Department of Cardiology, University Hospital Coventry and Warwickshire NHS Trust, CV2 2DX Coventry, UK.
Department of Cardiology, Royal Stoke University Hospital, Stoke-on-Trent, UK.
Europace. 2024 Oct 3;26(10). doi: 10.1093/europace/euae253.
Differentiating near-field (NF) and far-field (FF) electrograms (EGMs) is crucial in identifying critical arrhythmogenic substrate during ventricular tachycardia (VT) ablation. A novel algorithm annotates NF-fractionated signals enabling EGM peak frequency (PF) determination using wavelet transformation. This study evaluated the algorithms' effectiveness in identifying critical components of the VT circuit during substrate mapping.
A multicentre, international cohort undergoing VT ablation was investigated. VT activation maps were used to demarcate the isthmus zone (IZ). Offline analysis was performed to evaluate the diagnostic performance of low-voltage area (LVA) PF substrate mapping. A total of 30 patients encompassing 198 935 EGMs were included. The IZ PF was significantly higher in sinus rhythm (SR) compared to right ventricular paced (RVp) substrate maps (234 Hz (195-294) vs. 197 Hz (166-220); P = 0.010). Compared to LVA PF, the IZ PF was significantly higher in both SR and RVp substrate maps (area under curve, AUC: 0.74 and 0.70, respectively). The LVA PF threshold of ≥200 Hz was optimal in SR maps (sensitivity 69%; specificity 64%) and RVp maps (sensitivity 60%; specificity 64%) in identifying the VT isthmus. In amiodarone-treated patients (n = 20), the SR substrate map IZ PF was significantly lower (222 Hz (186-257) vs. 303 Hz (244-375), P = 0.009) compared to amiodarone-naïve patients (n = 10). The ≥200 Hz LVA PF threshold resulted in an 80% freedom from VT with a trend towards reduced ablation lesions and radiofrequency times.

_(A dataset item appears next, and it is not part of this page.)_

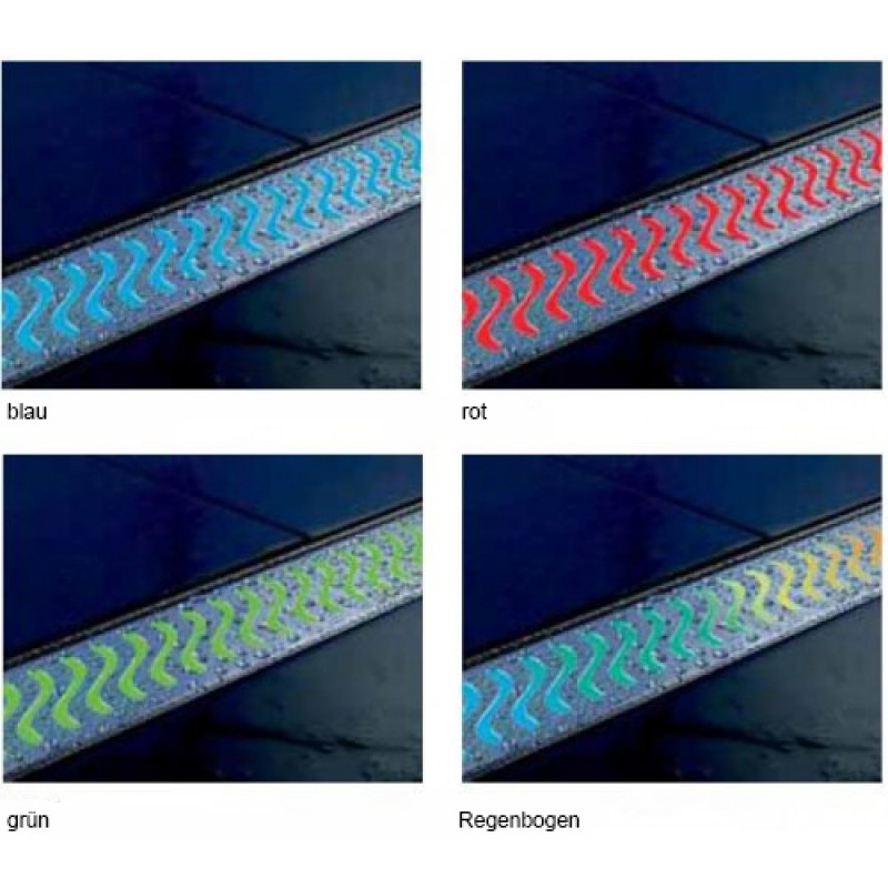 Osvětlení je možné pro liniové, obloukové a rohové sprchové žlaby ACO ShowerDrain. Je možno zvolit následující barvy: modrá, červená, zelená, duhová nebo bílá. Spuštění osvětlení je automatické: Jakmile dojde k nahromadění dostatečného množství vody v žlabu, dojde k propojení kontaktů modulu LED a diody se rozsvítí. Po prodlevě několika minut dojde k vypnutí osvětlení, jestliže již do žlabu nebude vtékat další voda. Při předpokladu denní doby sprchování zhruba 15 minut je nutno baterie nabít po přibližně třech měsících.

LVA PF substrate mapping identifies critical components of the VT circuit with an optimal threshold of ≥200 Hz. Isthmus PF is influenced by chronic amiodarone therapy with lower values observed during RV pacing.

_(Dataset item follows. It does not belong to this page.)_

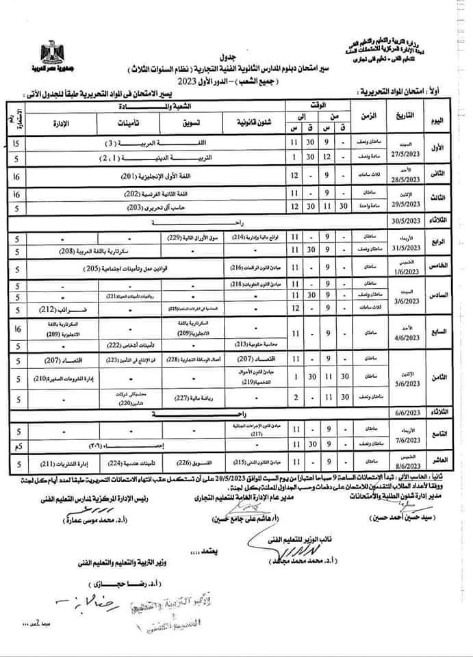 ومن المقرر أن تبدأ امتحانات الدبلومات الفنية التجارية نظام ٣ سنوات جميع الشعب للعام الدراسي ٢٠٢٣ في ٢٧ مايو المقبل.

区分近场(NF)和远场(FF)电图(EGM)对于识别室性心动过速(VT)消融过程中的关键致心律失常基质至关重要。一种新算法通过小波变换对 NF 分段信号进行注释,从而能够确定 EGM 峰值频率(PF)。本研究评估了该算法在基质标测过程中识别 VT 环路关键成分的有效性。
本研究纳入了接受 VT 消融的多中心国际队列。使用 VT 激活图来划定峡部区域(IZ)。离线分析用于评估低电压区(LVA)PF 基质标测的诊断性能。共纳入 30 例患者,共计 198935 个 EGM。与右心室起搏(RVp)基质图相比,窦性心律(SR)中的 IZ PF 显著更高(234 Hz(195-294)比 197 Hz(166-220);P=0.010)。与 LVA PF 相比,SR 和 RVp 基质图中的 IZ PF 均显著更高(曲线下面积:0.74 和 0.70)。在 SR 图中,LVA PF 阈值≥200 Hz 是识别 VT 峡部的最佳阈值(敏感性 69%;特异性 64%),在 RVp 图中也是如此(敏感性 60%;特异性 64%)。在胺碘酮治疗患者(n=20)中,SR 基质图 IZ PF 明显低于胺碘酮未治疗患者(n=10)(222 Hz(186-257)比 303 Hz(244-375);P=0.009)。LVA PF 阈值≥200 Hz 可使 80%的患者免于 VT,且消融损伤和射频时间有减少的趋势。
LVA PF 基质标测可识别 VT 环路的关键成分,最佳阈值为≥200 Hz。峡部 PF 受慢性胺碘酮治疗的影响,RV 起搏时观察到较低的值。